Salute to summer – wild Quebec berries

Most of the wild berries are now done with.  The wild strawberries, dwarf raspberries, red raspberries, black raspberries, Saskatoon berries, elderberries, high bush cranberries, blueberries – they’ve all been processed. My coulis, jam and frozen berries are put up for the year.  The last of the sarsaparilla is being harvested now, and the wild grapes are on their way.  They are looking ripe early, but we are still waiting for the first frost, in hopes that we will get to them before the birds this year though.  They need to be at their sweetest for our wild grape ‘balsamic’ which is a hot ticket.  Then when the snow comes, it will be sumac and pimbina, much less tricky.

Looking back, I must say that it was a pretty fabulous year for wild berries; not only thanks to Mother Nature, but because we were blessed with enough hands to do the hard work of picking them when it was time.  Better them than me.  I am very psyched about my stocks for winter, when local Vitamin C and fruity flavour is so scarce. 
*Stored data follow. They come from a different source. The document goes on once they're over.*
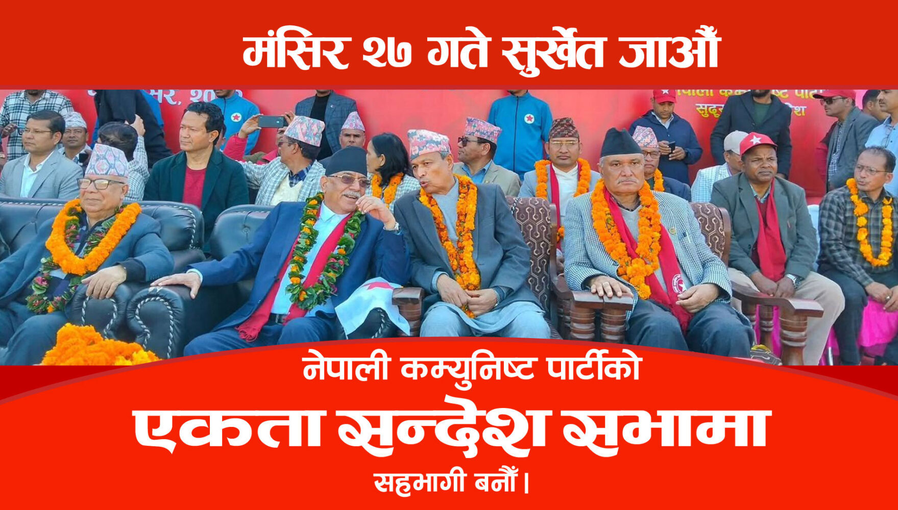 सुर्खेत । नेपाली कम्युनिष्ट पार्टी (नेकपा)ले यही मंसिर १८ गते सुर्खेतमा गर्ने भनिएको कर्णाली प्रदेशस्तरिय एकता सन्देशसभा मंसिर २७ गतेका लागि सारेको छ । मंसिर १८ गते परापूर्वकालदेखि चल्दै आएका पूर्णिमा तथा संस्कृति पर्वहरुका कारण २७ गतेका लागि सारिएको नेकपाले जनाएको छ । मंसिर पूणिमाको अवसरका कर्णालीका विभिन्न क्षेत्रमा पूर्णिमा मेला लाग्ने गर्दछ । पूर्णमा मेला तथा पर्वहरुमा असर पर्ने भएका कारण एकता सभालाई २७ गतेका लागि सारिएको नेकपाले जनाएको छ । विभिन्न १५ वटा दलहरु मिलेर बनेको नेकपाले कर्णालीमा पहिलो पटक एकता सभा गर्दै छ । एकता सभामा प्रदेशभरबाट ठूलो संख्याका नेता तथा कार्यकर्ताहरु उतार्ने नेकपाको तयारी छ ।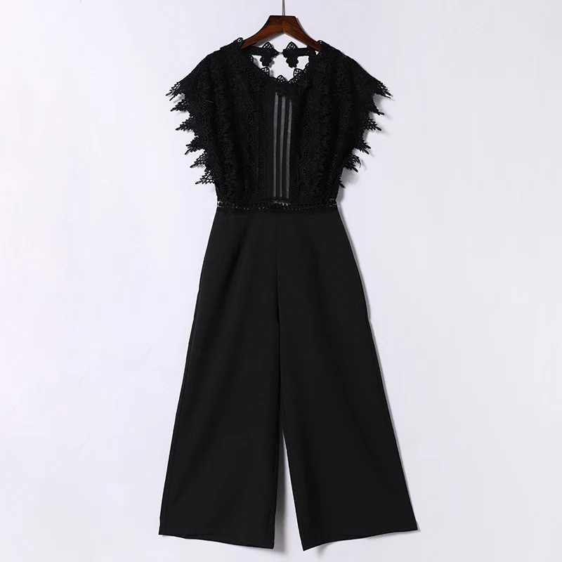 0 Response to "Sexy Lace Hollow Out Women's Jumpsuit Rompers Sleeveless Backless Black White Overalls 2020 Summer Wide Leg Ruffles Playsuits"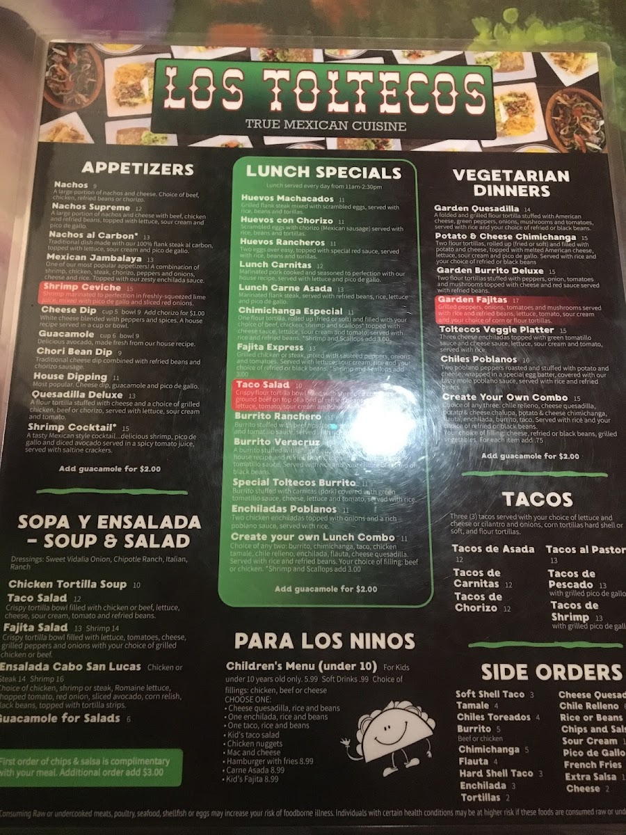 Two flour tortillas, rolled up (fried or soft) and filled with potato and cheese, topped with melted American cheese, lettuce, sour cream and pico de gallo. Served with rice and your choice of refried or black beans

Truth be told, in previous years, I have rarely been impressed with some of these berries - like black raspberries, wild blackberries and Saskatoon berries, given the typically high seed/pit to flavour ratio and cost (labour).  François has always claimed that wild black raspberries are the shit and he freezes enough to eat for breakfast year round.  I never bought in, yet never objected to a few in my glass of mousseux on a sunny day.  But this year I swooned over them all round; they were so plump and tasty.  I naturally focused on the blackberries and Saskatoon berries too, much more than the easier to love blueberries and strawberries.  Elderberries have no trouble retaining elite status in my kitchen; I just adore them.  Ever since I was introduced to them in a real sense along with François, I have embraced them every year (and the flowers too!).  It is only bonus that they are have recently been deemed a super-food thanks to their anti-viral properties. This year, we dried some berries and they taste like licorice, flowers and tea with a raisin-like fruitiness that I am happy to have on hand as a spice, or to layer flavours in infusions with the fresh/frozen fruit. 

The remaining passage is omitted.